Tuesday 18 May 2010

How does your garden grow?

I think, if you're a proper gardener, that there's always something needing to be done in the garden. Whether it's weeding the beds or mulching the borders, Gardener's World would have you believe that the world's not right until you've been out with the spade and the secateurs and to hang with any jobs from the real world.

There may well be a grain of truth in this. If, however, like me you're just messing about at it and trying your luck* then one can manage the incredible feat of pottering about and appearing simultaneously productive/constructive and yet shambolic and disorganised.

This, of course, may be no bad thing. Too much anal retention can't be good for either the garden or the digestion. Are regimented rows of seedlings and well drilled lines of saplings really doing much to advance the cause of human happiness? Laissez-faire and devil may care, that's me.

Real gardeners (yes, retired folk really) would no doubt be horrified at my planting regime - points to consider: do I have space, do I have any soil/compost? Answer = yes? Bung in the seeds regardless of instructions to the contrary.

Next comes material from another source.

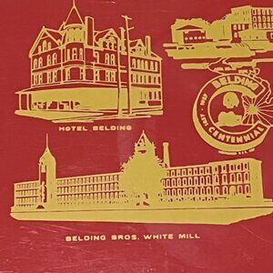 Features images of historic Belding, Michigan including: The Hotel Belding, Belding Hall Co. Refrigerators Mill "A", Belding Bros. White Mill, and the The Ashfield.
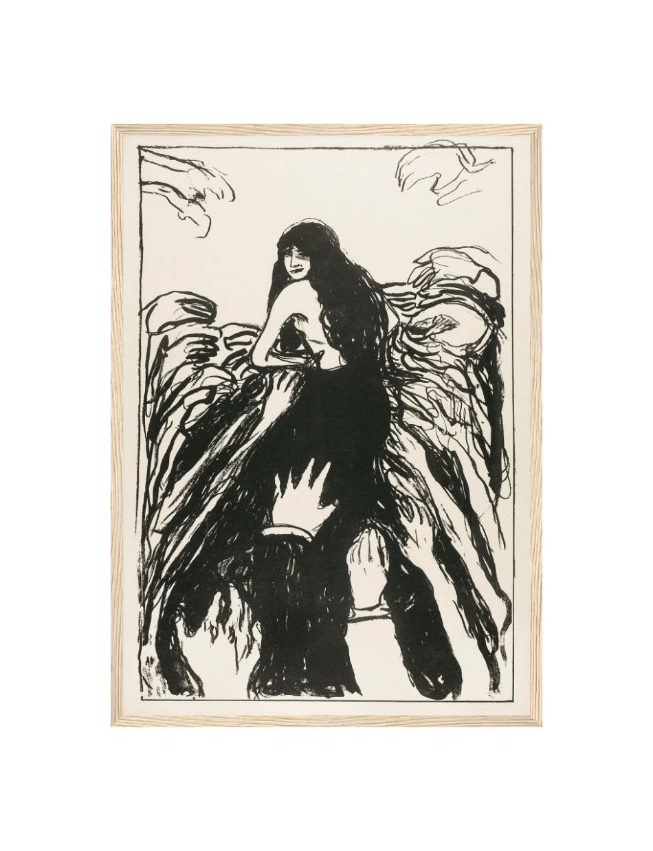 The Hands, skabt af Edvard Munch, er et dramatisk og følelsesladet værk, der viser en kvinde omgivet af abstrakte, udstrakte hænder. Kvinden ser tilbage med et mystisk smil, mens hendes lange hår flyder frit og danner en forbindelse mellem hende og de omgivende hænder. Hænderne, der strækker sig mod hende, kan symbolisere længsel, begær eller beskyttelse. Munchs brug af sort-hvide kontraster og ekspressive linjer fremhæver intensiteten og det følelsesmæssige drama i scenen, hvilket giver værket en stærk visuel og psykologisk effekt.

I prefer to think of it as a kind of "control method", checking whether those seed packet instructions really are accurate is a true service to the horticulturist I think.

No, no, don't all rush to thank me. It was nothing...


* many years ago, the Beechgrove Garden used to talk about, what I took to be a form of cultivation called "keanamata gardening" - it's only recently I've discovered this seemingly exotic form of horticulture to be for the "keen amateur". Oh well, another bubble burst.